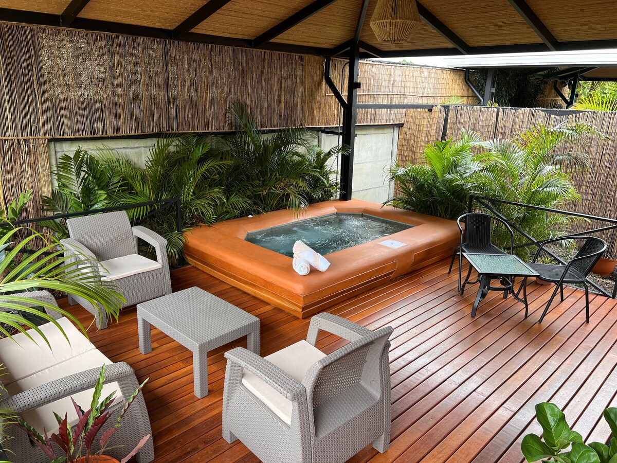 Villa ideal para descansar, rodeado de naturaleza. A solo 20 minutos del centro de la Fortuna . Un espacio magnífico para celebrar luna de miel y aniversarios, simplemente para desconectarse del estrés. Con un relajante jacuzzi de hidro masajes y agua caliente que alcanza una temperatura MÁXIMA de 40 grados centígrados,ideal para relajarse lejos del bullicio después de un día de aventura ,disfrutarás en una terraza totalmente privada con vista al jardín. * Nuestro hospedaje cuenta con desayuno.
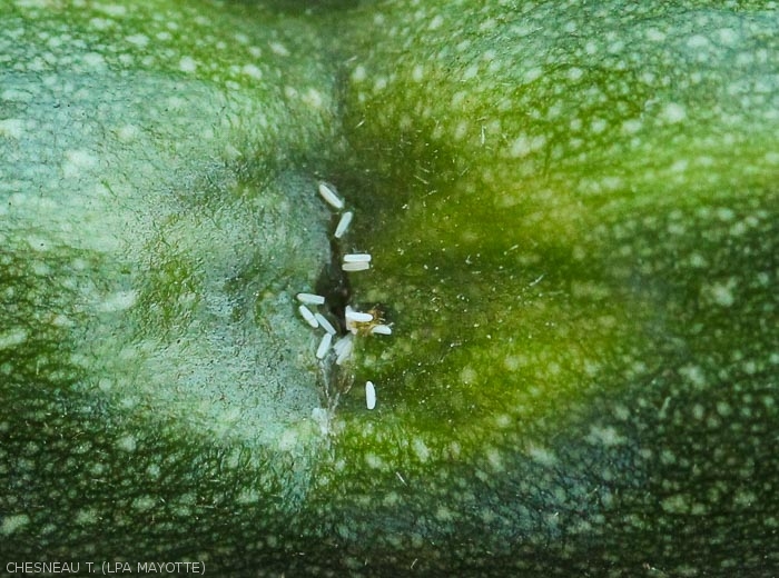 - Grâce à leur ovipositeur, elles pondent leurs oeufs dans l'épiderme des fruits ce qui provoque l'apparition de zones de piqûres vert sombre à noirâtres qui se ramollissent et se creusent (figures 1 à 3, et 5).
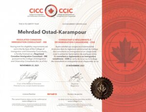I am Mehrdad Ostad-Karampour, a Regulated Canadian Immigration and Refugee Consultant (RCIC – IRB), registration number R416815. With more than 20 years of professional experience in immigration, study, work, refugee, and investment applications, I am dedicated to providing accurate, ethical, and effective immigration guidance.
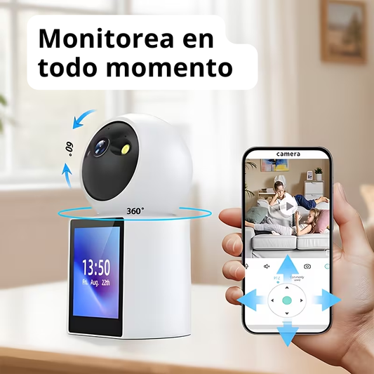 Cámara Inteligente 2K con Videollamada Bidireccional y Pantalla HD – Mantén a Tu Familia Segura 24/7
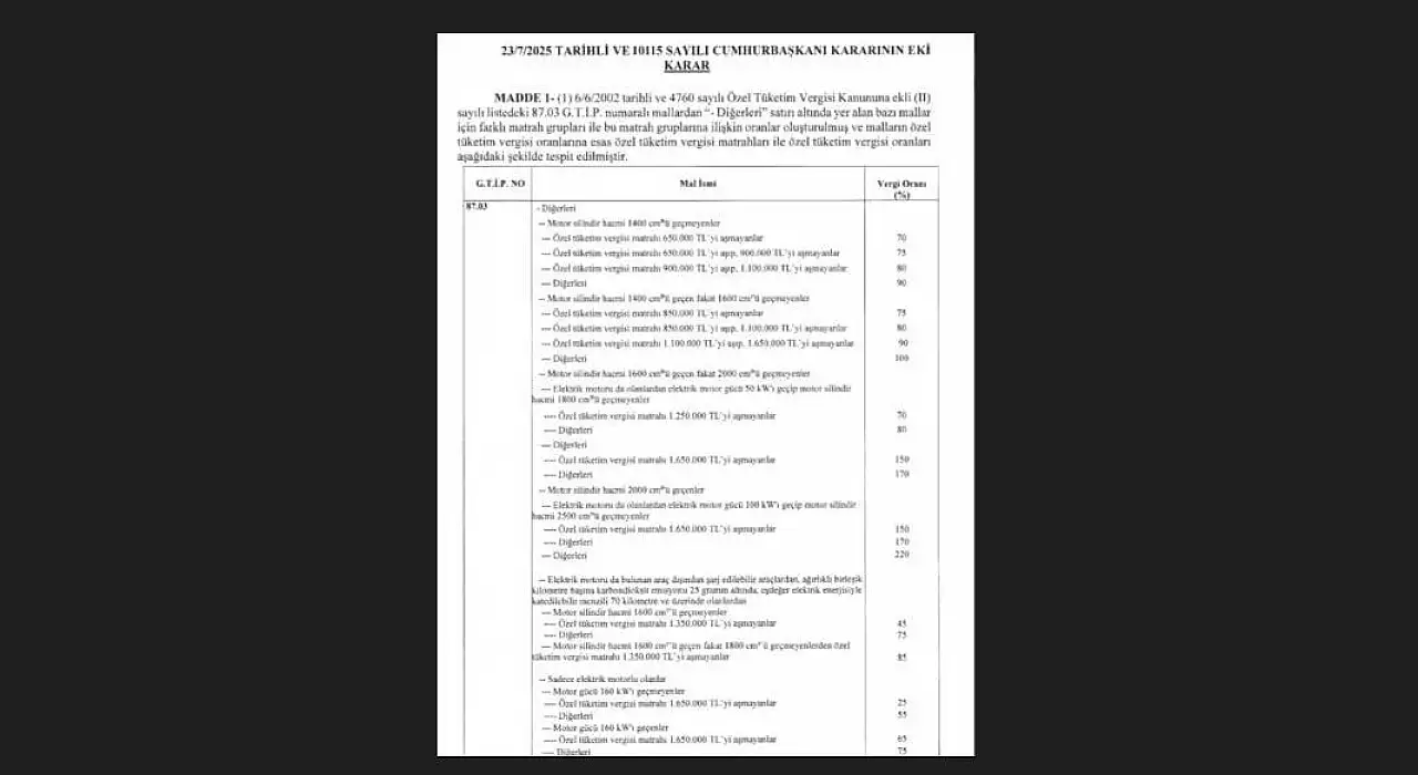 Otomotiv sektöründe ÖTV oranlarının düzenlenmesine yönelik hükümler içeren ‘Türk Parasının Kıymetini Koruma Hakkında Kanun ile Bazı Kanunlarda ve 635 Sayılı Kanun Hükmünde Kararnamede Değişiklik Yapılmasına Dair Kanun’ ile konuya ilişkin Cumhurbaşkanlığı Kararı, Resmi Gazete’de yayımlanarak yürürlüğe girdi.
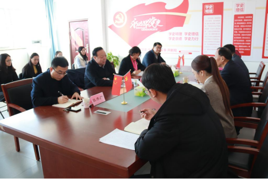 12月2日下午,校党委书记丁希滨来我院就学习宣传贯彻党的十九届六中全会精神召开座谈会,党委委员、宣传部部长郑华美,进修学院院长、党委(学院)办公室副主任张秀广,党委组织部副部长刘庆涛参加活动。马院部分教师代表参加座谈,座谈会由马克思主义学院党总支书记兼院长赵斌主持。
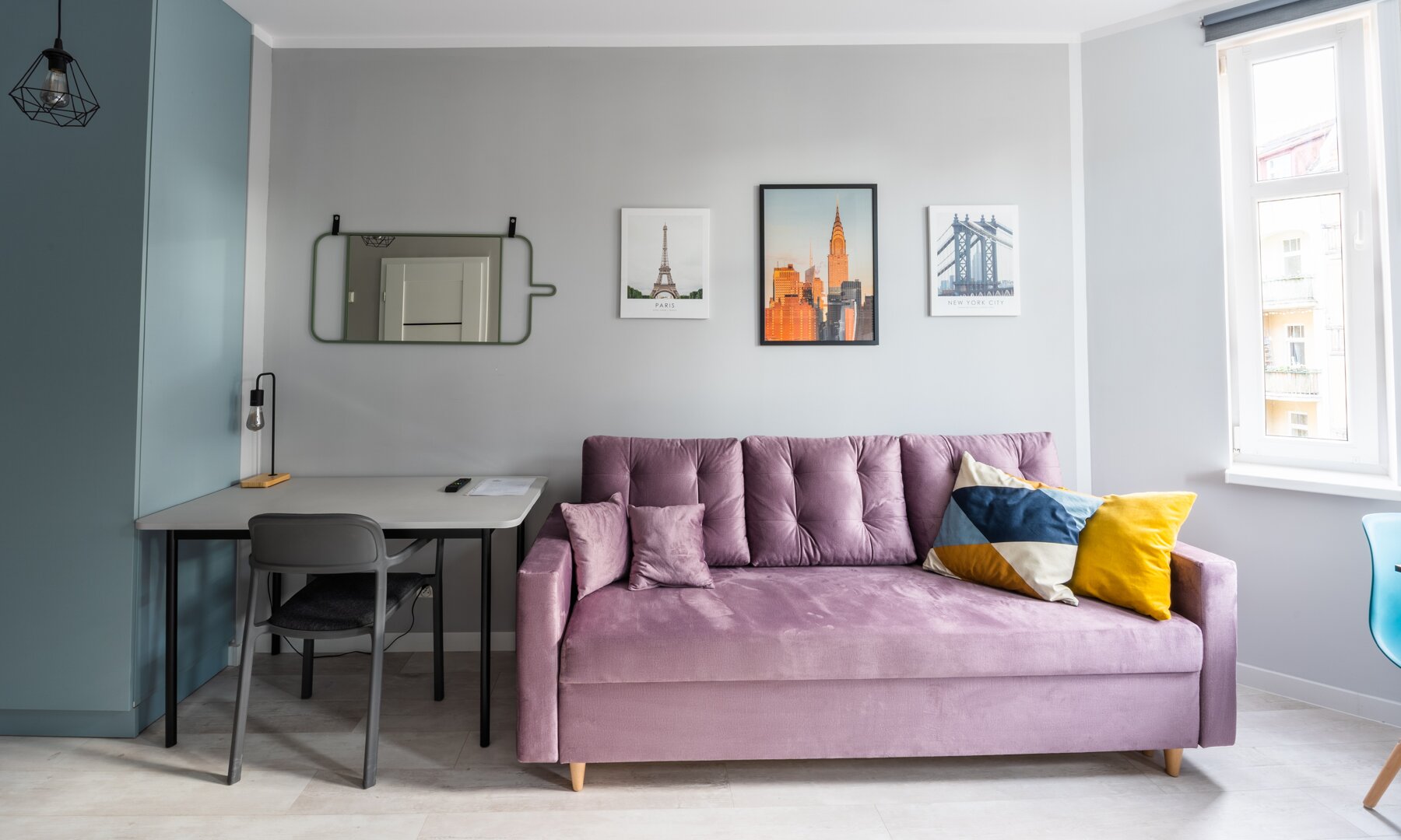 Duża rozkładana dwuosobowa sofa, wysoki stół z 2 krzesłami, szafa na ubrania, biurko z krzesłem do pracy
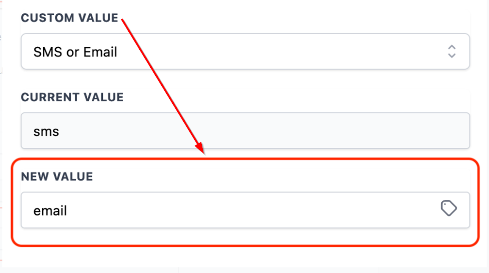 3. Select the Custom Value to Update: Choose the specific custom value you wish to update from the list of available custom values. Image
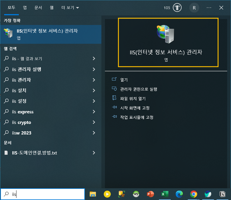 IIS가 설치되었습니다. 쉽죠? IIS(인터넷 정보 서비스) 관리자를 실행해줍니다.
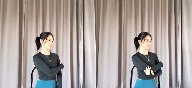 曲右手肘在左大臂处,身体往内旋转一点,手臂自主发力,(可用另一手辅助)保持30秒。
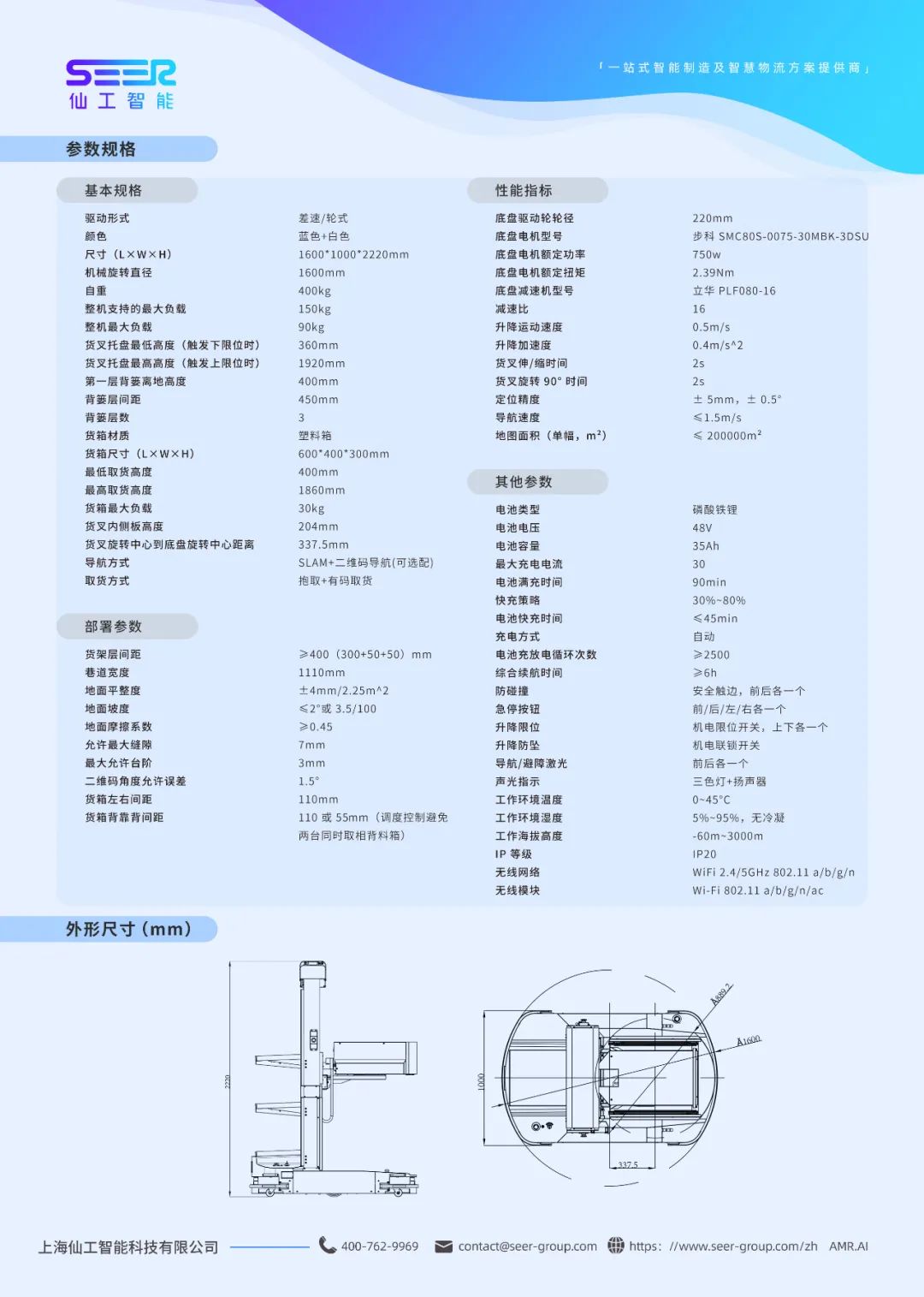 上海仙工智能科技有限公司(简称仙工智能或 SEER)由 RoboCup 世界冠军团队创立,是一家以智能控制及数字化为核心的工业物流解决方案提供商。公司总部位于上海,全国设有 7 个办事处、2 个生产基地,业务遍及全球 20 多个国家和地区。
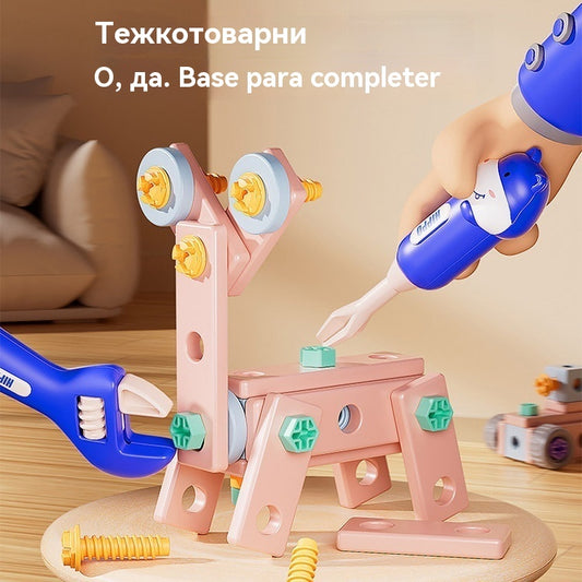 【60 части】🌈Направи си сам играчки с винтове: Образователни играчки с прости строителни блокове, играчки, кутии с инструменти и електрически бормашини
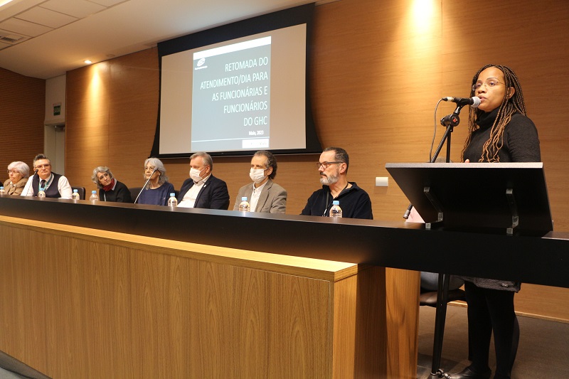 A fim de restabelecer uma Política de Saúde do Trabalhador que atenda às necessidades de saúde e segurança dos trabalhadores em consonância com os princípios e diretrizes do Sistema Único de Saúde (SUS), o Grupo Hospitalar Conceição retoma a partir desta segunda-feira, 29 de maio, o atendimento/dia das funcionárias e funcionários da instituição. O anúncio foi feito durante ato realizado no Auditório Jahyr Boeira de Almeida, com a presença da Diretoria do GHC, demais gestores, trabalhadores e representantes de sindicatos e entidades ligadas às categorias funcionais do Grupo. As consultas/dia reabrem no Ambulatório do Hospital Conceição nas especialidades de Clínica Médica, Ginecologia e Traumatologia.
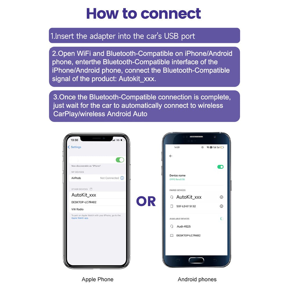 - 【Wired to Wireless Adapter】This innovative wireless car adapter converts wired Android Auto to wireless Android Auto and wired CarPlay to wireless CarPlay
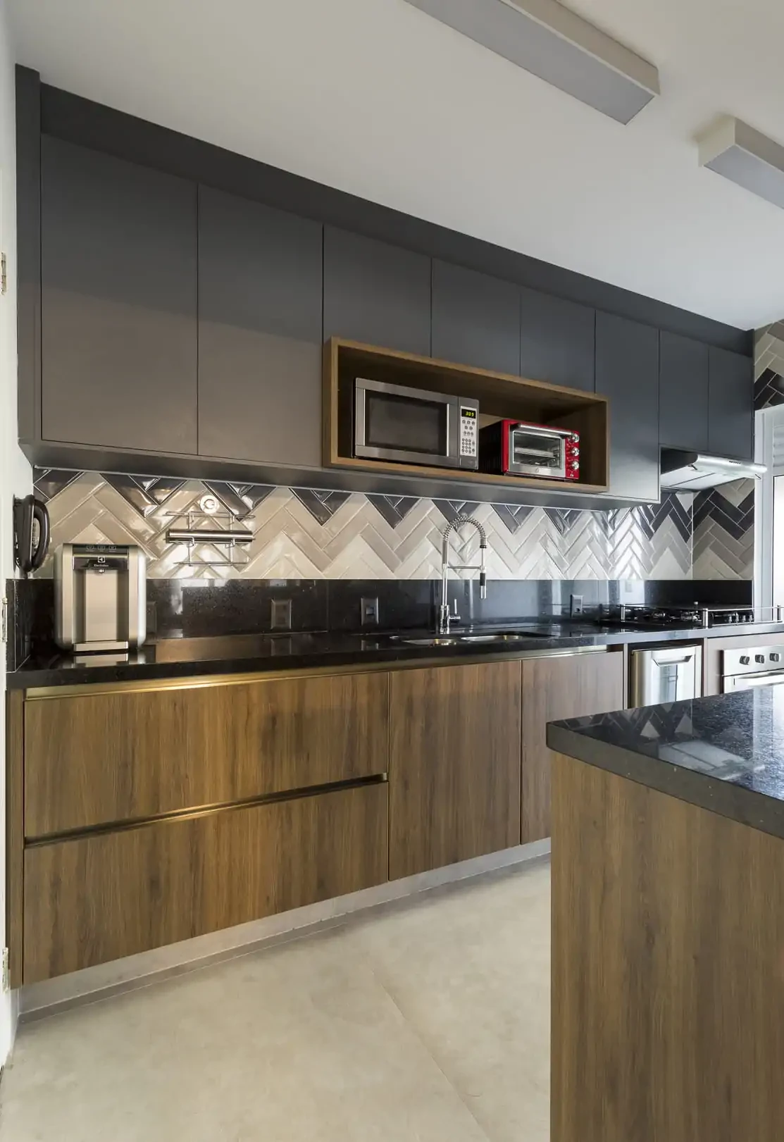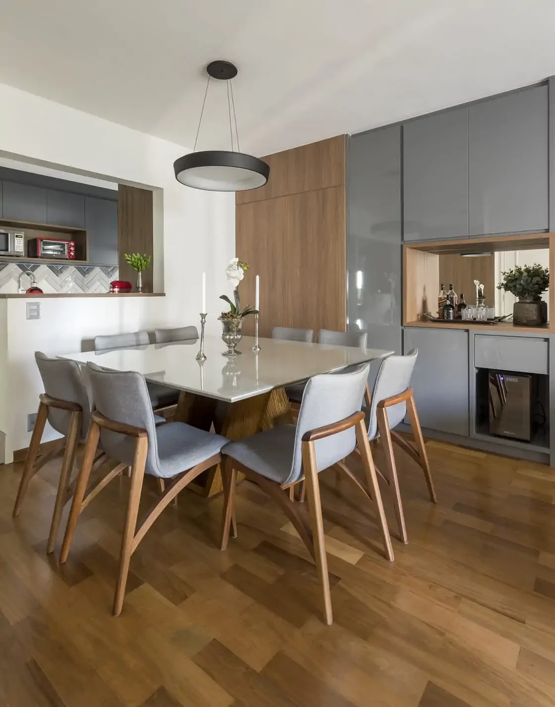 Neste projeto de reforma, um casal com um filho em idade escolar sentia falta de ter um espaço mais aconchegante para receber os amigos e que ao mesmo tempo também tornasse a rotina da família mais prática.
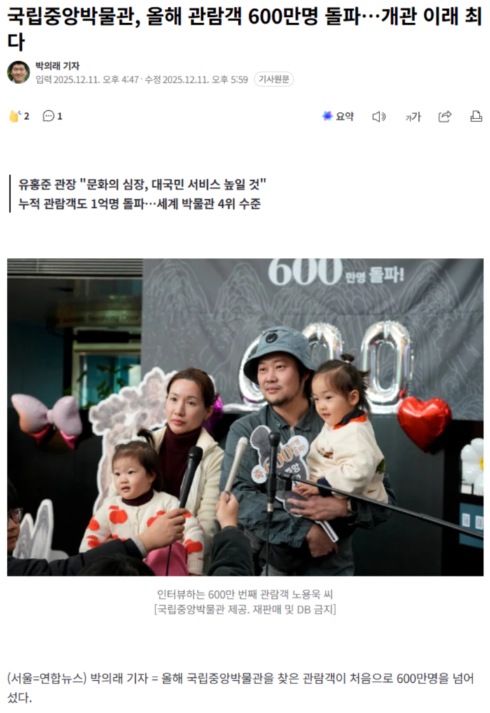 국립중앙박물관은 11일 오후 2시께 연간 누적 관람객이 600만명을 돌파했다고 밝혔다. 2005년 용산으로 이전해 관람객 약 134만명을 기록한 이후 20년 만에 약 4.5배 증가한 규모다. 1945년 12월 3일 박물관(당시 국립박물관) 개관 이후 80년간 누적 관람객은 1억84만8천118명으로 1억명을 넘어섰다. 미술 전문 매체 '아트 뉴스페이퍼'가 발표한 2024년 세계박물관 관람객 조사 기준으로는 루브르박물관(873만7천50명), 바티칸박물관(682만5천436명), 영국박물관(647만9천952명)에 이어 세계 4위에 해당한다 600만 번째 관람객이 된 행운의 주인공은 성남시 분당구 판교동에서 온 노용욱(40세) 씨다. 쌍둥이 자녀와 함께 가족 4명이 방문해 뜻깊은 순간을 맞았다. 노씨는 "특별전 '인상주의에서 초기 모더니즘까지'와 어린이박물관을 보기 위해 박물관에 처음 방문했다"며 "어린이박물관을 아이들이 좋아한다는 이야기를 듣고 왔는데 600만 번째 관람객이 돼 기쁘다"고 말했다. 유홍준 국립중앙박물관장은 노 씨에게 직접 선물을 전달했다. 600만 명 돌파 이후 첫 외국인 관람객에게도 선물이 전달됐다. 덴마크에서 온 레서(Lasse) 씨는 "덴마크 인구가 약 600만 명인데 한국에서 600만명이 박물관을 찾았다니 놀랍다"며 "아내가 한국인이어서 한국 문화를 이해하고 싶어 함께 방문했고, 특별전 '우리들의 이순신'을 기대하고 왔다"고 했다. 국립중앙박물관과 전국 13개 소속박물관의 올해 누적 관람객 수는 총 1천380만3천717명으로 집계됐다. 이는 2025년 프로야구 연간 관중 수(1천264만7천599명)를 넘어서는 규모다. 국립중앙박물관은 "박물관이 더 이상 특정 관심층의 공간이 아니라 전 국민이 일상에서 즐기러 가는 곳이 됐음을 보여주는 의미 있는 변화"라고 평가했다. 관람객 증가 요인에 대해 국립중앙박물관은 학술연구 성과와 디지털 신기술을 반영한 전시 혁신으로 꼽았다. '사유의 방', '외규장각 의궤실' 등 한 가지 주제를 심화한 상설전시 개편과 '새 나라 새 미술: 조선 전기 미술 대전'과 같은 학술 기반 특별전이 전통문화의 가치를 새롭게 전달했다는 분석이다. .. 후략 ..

--*--

From the records above, return exactly the lines running from the one that contains "- 【Wired to" down to the one that contains "Neste projeto de", both included, without any pictures.

ANSWER BELOW:
 - 【Wired to Wireless Adapter】This innovative wireless car adapter converts wired Android Auto to wireless Android Auto and wired CarPlay to wireless CarPlay
 Neste projeto de reforma, um casal com um filho em idade escolar sentia falta de ter um espaço mais aconchegante para receber os amigos e que ao mesmo tempo também tornasse a rotina da família mais prática.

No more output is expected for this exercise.